Deutsche Bank is opening a vault in Singapore that can hold $9 billion of gold, as it hopes to tap rising demand for the precious metal in Asia amid a push by the city-state to burnish its image as a bullion-trading hub.
Singapore last year scrapped a goods-and-services tax on gold in a bid to help boost its share of global gold demand to 10-15% within a decade from around 2% in 2012 as it seeks to compete with more established bullion-trading centers.

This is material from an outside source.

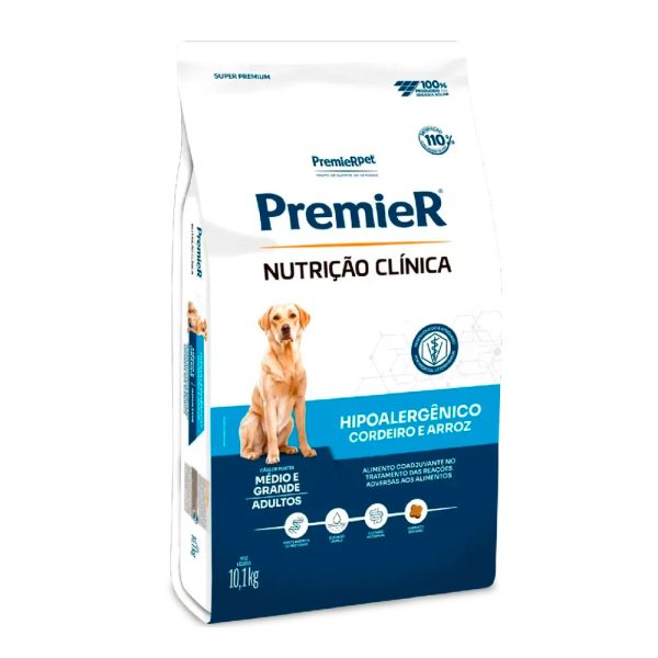 A Premier Nutrição Clínica Hipoalergênico Cães Médio e Grande Porte Cordeiro e Arroz um alimento auxiliar no tratamento de reações adversas ao alimento, indicada para cães que apresentem sintomatologia dermatológica e/ou intestinal. Podendo ser oferecida também a cães com intolerância ao glúten, por não conter grãos em sua composição.
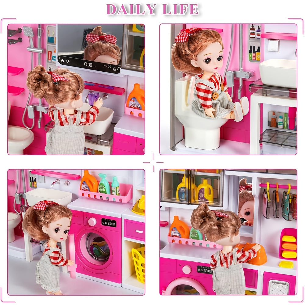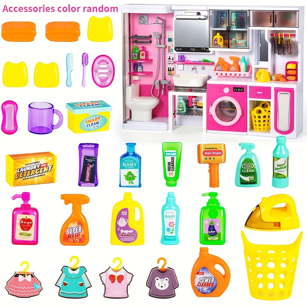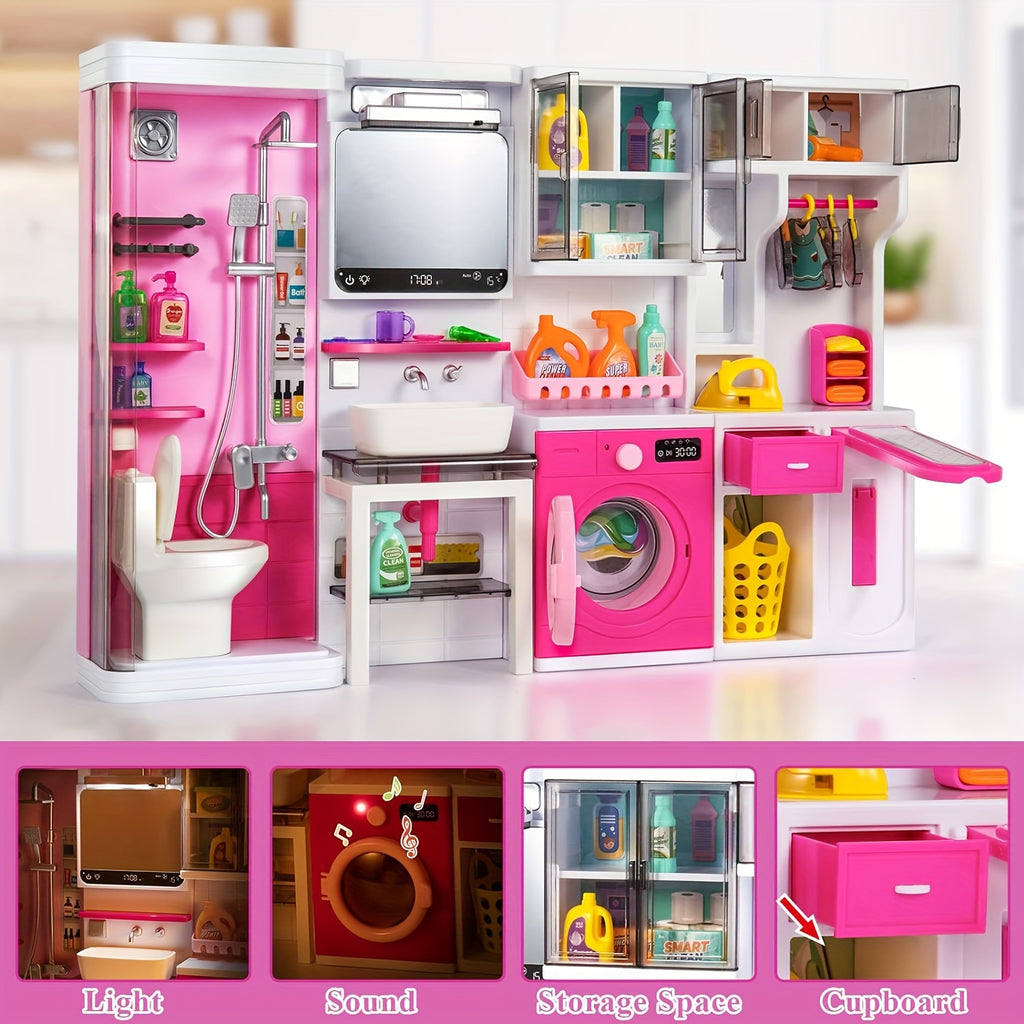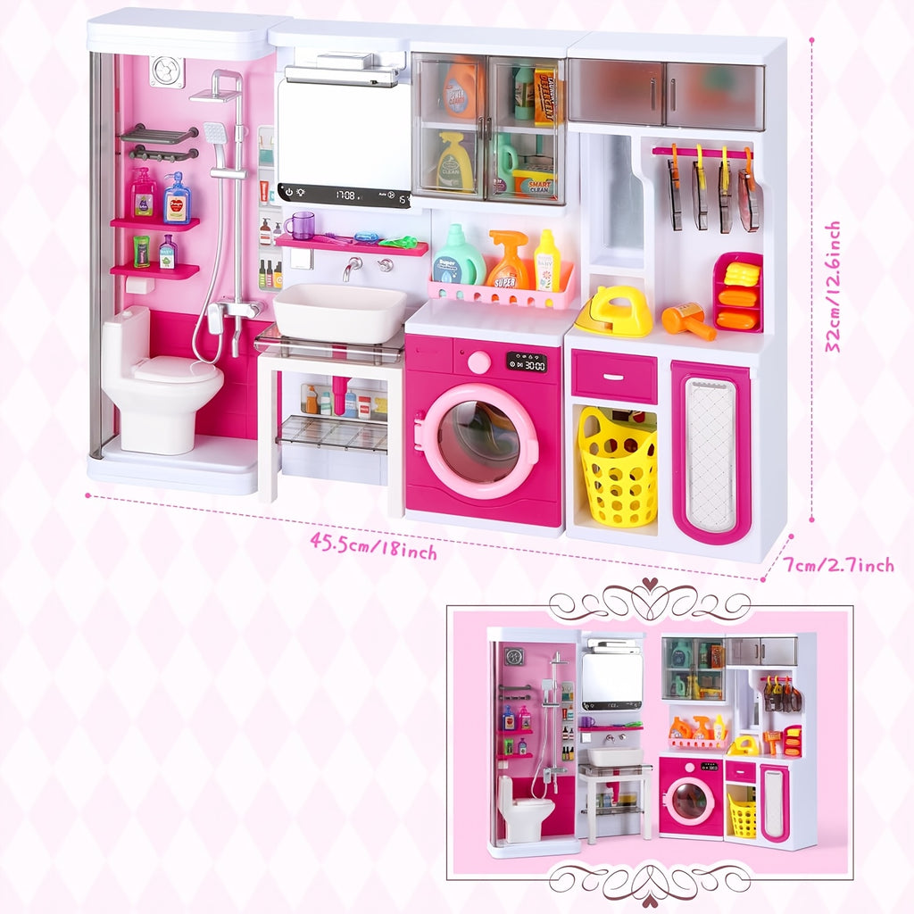 MQUDUO Pink Bathroom Playset with Shower, Vanity, Laundry Cabinet, and Ironing Board, Christmas/Thanksgiving/New Year Gift, Accessories color random

“Gold has traditionally been stored in London, Zurich, and New York, but there is a serious shift in dynamics going on as the global financial crisis continues to evolve,” Mark Smallwood, Deutsche Asset & Wealth Management’s head of wealth planning in the Asia-Pacific region, told The Wall Street Journal on Friday.
Political and economic risk in Europe is keeping investors cautious, and demand for physical gold as a haven is strong, putting Singapore in a position to benefit from its reputation as a stable and safe place to store high-value assets.
“What we’re seeing is customers looking at gold and being cognizant of the fact that when things go wrong, where you’re storing the gold is extremely important,” Mr. Smallwood said. “Risk factors for gold are increasing dramatically, and people want to store where they perceive it to be safe, which often will involve geographically diversifying that storage.”
Deutsche Bank started accepting bullion into the new Singapore vault three or four weeks ago and is seeing strong demand from its customers for storage in the facility, he said.
The vault can hold up to 200 metric tons of gold, which is around the same volume as the central bank reserves of Belgium or the Philippines.
The vault is in the Singapore Freeport, a high-security facility, and is subleased from Malca-Amit, a company that specializes in storing and transporting diamonds and precious metals. Deutsche Bank also has vaults in London, Hong Kong, and Zurich.
Deutsche Bank is one of the world’s biggest gold-dealing banks and is among those that set gold prices every day in London. The so-called fixings are used to determine spot prices worldwide, including in jewelry, and for sales from mining companies to refineries.